Nino Rota, the composer who put an indelible soundtrack to the Italian-American mob in The Godfather, wrote, like other film composers, a certain amount of abstract concert music. Some of his chamber works, mostly including flute, are enthusiastically collected and performed here by Italy's
Albatros Ensemble. What's interesting is that none of the music here sounds much like
Rota's film scores, not even the concluding Rotafantasy of contemporary composer Rico Abbate, which quotes several of them verbatim but then lets them dissolve into overtones or motives (the Godfather theme serves as the finale) so that they take on the quality of fragmentary memories. Instead,
Rota seems to take off from a French neo-classic language.
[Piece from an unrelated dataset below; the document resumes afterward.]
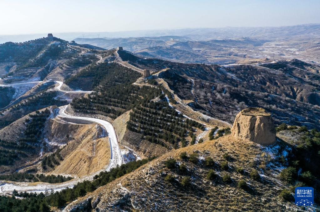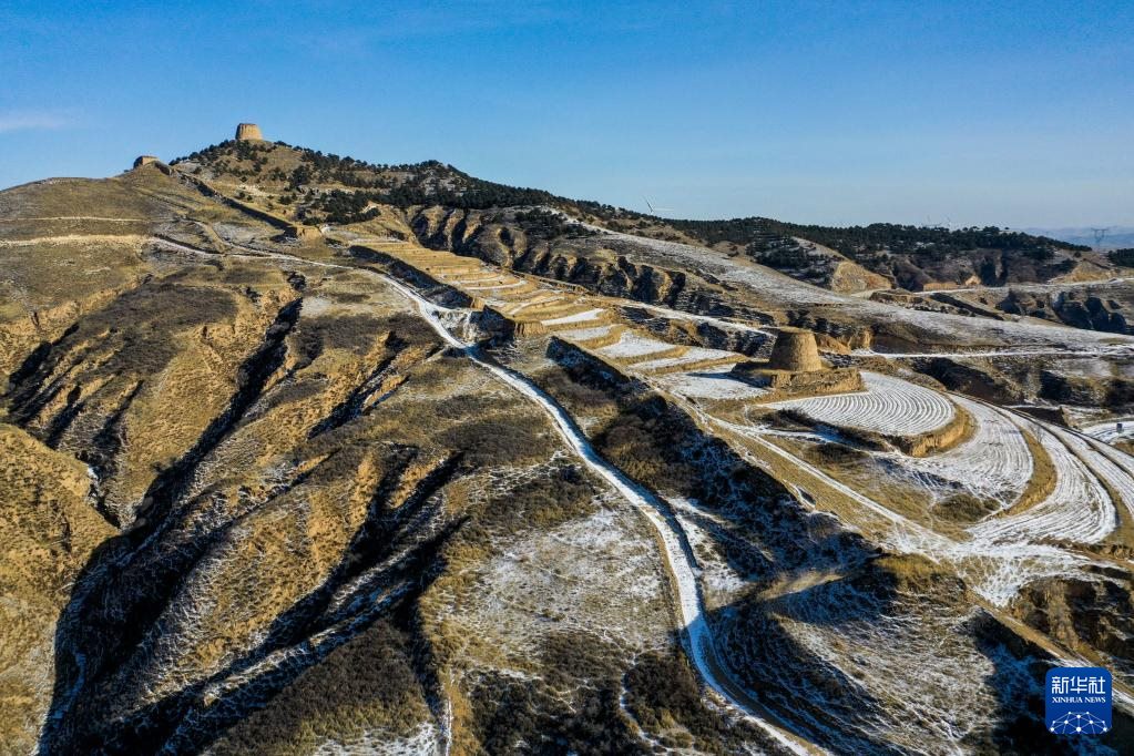 這是1月16日拍攝的內(nèi)蒙古清水河縣栜木塔長(zhǎng)城(無(wú)人機(jī)照片)。

The music spans more than 35 years, and it's perhaps unsurprising that the later pieces are more convincing than the two very slender sonatas from the 1930s; film music is a genre that rewards experience over youth, and even outside of that genre
Rota seems to have developed in the direction of a greater economy of means. Some of the music seems to comment on the composer's own cinematic stye. The Tre pezzi per due flaute (Three Pieces for Two Flutes) of 1971 are unique miniatures, boiling film music gestures down to absolute minimum forms. The Improvviso "un diavolo sentimentale" (Improvisation "A Sentimental Devil") seems to keep
Rota's emotionalist film language at a distance. The opening Trio for flute, violin, and piano (1958) is an accomplished work that could be taken for
Milhaud but has its own flavor. Chamber players should get to know these pieces, any one of which could serve as a pleasing curtain-raiser or encore that audience members will enjoy discovering.